Source records
↓
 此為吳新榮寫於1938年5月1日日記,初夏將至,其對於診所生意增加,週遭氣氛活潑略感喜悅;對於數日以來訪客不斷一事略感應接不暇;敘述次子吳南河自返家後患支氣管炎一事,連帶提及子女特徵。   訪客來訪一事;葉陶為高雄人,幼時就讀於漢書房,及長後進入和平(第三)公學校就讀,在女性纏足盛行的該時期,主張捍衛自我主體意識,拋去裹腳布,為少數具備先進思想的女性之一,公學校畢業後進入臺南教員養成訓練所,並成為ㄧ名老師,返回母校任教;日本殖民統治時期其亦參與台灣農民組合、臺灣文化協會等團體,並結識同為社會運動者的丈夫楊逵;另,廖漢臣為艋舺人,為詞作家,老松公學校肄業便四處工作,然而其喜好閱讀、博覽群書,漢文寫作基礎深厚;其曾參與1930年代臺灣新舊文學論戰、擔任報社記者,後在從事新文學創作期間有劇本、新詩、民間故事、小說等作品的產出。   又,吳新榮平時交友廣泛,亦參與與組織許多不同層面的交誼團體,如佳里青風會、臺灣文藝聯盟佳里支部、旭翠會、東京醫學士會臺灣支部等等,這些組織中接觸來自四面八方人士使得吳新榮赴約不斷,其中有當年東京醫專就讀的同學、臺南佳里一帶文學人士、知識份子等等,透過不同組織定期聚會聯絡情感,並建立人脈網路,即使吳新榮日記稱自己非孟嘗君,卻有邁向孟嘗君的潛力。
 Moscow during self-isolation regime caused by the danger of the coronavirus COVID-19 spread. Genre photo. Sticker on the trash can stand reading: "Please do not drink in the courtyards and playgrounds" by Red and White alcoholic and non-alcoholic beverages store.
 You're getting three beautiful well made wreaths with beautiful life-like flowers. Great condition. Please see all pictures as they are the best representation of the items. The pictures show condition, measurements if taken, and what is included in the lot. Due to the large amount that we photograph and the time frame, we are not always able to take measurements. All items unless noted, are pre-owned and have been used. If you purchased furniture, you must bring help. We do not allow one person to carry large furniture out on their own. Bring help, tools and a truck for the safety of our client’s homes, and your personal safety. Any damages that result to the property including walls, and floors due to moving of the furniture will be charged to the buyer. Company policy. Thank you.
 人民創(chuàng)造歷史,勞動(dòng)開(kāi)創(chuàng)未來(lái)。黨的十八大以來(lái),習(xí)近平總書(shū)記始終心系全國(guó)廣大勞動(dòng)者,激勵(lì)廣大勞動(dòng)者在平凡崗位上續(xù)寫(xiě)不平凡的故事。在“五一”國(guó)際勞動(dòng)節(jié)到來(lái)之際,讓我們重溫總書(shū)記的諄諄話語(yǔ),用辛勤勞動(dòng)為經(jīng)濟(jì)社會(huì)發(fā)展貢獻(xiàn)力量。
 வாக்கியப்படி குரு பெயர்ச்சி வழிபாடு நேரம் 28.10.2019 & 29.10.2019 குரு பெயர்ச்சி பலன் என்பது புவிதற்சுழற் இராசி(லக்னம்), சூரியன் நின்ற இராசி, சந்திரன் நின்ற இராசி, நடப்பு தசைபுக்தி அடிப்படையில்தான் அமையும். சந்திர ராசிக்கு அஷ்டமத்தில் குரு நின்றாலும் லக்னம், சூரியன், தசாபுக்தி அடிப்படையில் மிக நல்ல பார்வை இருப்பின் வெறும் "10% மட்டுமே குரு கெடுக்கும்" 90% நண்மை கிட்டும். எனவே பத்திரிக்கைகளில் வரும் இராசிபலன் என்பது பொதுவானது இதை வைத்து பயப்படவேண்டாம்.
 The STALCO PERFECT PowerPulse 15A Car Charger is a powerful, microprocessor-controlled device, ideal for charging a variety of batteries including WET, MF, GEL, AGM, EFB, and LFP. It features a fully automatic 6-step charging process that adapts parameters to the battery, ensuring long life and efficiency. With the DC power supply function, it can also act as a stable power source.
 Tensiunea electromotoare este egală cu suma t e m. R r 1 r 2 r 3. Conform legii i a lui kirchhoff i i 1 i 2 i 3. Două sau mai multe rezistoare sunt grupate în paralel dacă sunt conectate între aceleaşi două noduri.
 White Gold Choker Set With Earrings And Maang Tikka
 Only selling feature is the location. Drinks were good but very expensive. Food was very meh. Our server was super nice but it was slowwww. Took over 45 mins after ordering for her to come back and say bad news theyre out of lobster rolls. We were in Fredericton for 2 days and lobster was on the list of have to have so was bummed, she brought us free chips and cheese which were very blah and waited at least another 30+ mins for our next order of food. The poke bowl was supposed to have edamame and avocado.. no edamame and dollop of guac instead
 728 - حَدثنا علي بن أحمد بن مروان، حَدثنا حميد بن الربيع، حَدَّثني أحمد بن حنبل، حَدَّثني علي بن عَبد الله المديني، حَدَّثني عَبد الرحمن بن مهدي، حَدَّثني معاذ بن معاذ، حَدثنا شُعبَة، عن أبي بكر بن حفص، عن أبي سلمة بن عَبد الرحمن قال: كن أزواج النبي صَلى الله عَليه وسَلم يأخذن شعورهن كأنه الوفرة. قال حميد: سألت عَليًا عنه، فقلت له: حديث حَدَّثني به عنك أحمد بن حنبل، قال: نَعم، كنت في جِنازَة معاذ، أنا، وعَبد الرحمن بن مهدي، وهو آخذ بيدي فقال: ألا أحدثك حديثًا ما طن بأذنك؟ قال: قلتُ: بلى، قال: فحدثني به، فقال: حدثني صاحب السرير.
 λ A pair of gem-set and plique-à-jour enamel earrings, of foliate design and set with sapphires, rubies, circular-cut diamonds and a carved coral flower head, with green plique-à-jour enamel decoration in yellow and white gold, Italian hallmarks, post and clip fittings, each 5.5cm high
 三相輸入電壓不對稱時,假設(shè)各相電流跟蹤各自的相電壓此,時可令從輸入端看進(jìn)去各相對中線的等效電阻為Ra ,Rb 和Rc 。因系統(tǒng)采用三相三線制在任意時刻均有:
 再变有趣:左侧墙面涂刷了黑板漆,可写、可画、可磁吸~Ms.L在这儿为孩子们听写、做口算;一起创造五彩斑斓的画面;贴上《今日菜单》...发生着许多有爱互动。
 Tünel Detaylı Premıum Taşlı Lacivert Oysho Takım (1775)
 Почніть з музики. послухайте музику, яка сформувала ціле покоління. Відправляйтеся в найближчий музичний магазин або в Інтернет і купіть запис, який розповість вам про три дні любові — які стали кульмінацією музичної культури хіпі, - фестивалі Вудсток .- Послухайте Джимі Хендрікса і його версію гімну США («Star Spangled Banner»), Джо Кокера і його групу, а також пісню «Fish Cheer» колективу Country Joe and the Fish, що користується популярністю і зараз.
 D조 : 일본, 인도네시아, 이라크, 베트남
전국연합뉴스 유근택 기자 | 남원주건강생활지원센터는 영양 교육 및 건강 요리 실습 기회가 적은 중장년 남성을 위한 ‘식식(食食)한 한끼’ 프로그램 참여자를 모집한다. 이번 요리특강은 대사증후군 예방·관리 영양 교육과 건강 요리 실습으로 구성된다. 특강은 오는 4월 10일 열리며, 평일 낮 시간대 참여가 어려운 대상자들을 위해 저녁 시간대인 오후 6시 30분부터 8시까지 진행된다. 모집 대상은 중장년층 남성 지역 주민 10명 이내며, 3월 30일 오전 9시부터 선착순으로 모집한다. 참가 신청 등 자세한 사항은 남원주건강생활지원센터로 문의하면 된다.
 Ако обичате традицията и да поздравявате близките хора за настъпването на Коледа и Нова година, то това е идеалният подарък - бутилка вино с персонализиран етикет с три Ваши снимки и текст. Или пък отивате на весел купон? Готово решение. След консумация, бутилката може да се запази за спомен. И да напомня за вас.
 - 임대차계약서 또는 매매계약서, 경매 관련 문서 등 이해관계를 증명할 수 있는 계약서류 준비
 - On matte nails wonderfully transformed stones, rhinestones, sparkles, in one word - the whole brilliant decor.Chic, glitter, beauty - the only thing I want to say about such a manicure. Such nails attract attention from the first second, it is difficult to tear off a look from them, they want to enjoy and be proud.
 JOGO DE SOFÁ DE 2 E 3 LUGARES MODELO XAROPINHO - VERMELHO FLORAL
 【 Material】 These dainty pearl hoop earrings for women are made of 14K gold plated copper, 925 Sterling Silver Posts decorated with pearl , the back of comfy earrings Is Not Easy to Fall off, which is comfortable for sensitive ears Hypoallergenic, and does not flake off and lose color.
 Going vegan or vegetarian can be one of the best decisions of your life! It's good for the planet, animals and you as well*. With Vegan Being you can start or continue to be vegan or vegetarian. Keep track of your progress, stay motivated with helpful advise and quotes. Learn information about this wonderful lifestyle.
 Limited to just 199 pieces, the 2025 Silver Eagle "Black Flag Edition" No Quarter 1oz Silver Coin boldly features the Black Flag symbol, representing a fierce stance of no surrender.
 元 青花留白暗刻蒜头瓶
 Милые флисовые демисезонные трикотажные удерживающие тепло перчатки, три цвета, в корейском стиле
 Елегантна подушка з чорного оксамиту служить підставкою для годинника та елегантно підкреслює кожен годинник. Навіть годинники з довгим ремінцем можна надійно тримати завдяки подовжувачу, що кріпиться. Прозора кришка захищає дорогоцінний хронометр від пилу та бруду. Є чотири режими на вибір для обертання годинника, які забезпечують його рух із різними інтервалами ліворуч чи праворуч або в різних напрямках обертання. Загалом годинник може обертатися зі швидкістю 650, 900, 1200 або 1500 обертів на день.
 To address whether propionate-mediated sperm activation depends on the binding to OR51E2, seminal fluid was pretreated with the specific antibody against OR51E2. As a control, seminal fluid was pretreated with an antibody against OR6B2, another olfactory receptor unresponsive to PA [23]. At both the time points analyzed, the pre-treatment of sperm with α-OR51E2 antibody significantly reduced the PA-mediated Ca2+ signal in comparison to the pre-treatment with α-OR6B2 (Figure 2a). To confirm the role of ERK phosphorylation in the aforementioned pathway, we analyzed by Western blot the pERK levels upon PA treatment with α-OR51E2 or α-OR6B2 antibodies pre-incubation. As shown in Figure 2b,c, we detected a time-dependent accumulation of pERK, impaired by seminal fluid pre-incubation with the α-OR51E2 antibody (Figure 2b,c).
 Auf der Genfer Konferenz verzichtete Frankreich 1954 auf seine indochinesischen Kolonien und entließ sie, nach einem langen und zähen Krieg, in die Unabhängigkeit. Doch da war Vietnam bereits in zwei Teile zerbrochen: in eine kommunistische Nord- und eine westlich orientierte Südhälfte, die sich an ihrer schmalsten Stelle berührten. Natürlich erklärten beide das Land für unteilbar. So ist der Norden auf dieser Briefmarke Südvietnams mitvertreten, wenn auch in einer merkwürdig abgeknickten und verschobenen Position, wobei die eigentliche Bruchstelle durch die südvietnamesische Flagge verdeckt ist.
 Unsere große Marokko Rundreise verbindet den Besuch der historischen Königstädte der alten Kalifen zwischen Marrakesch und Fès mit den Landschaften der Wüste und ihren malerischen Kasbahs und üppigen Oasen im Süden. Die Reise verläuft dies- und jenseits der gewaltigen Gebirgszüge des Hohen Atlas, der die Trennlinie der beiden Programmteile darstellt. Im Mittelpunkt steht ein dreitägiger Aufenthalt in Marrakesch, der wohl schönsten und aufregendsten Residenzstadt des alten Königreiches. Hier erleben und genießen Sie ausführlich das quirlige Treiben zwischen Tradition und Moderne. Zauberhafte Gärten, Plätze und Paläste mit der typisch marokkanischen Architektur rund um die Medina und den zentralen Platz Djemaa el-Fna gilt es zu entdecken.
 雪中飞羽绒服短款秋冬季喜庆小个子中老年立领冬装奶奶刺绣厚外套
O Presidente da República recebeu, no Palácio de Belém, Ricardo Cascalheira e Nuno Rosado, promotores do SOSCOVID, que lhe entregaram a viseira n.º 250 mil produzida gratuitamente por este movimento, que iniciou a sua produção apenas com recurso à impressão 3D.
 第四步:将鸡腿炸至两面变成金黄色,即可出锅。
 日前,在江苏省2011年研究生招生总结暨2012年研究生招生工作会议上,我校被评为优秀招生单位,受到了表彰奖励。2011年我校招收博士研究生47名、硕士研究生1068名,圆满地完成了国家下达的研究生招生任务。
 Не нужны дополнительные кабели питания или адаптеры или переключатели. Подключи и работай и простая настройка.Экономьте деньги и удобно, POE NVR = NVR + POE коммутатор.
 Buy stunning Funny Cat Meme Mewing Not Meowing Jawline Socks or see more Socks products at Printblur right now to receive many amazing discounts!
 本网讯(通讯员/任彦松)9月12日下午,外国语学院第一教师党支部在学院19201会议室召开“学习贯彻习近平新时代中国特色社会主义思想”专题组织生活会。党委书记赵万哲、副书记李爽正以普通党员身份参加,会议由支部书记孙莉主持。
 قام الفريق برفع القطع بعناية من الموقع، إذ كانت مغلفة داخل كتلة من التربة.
↑
Aim of the task >> What are the lines from the one with "Buy stunning Funny" through the last line of the records above? Quote them exactly and add nothing.

Exercise output >>
 Buy stunning Funny Cat Meme Mewing Not Meowing Jawline Socks or see more Socks products at Printblur right now to receive many amazing discounts!
 本网讯(通讯员/任彦松)9月12日下午,外国语学院第一教师党支部在学院19201会议室召开“学习贯彻习近平新时代中国特色社会主义思想”专题组织生活会。党委书记赵万哲、副书记李爽正以普通党员身份参加,会议由支部书记孙莉主持。
 قام الفريق برفع القطع بعناية من الموقع، إذ كانت مغلفة داخل كتلة من التربة.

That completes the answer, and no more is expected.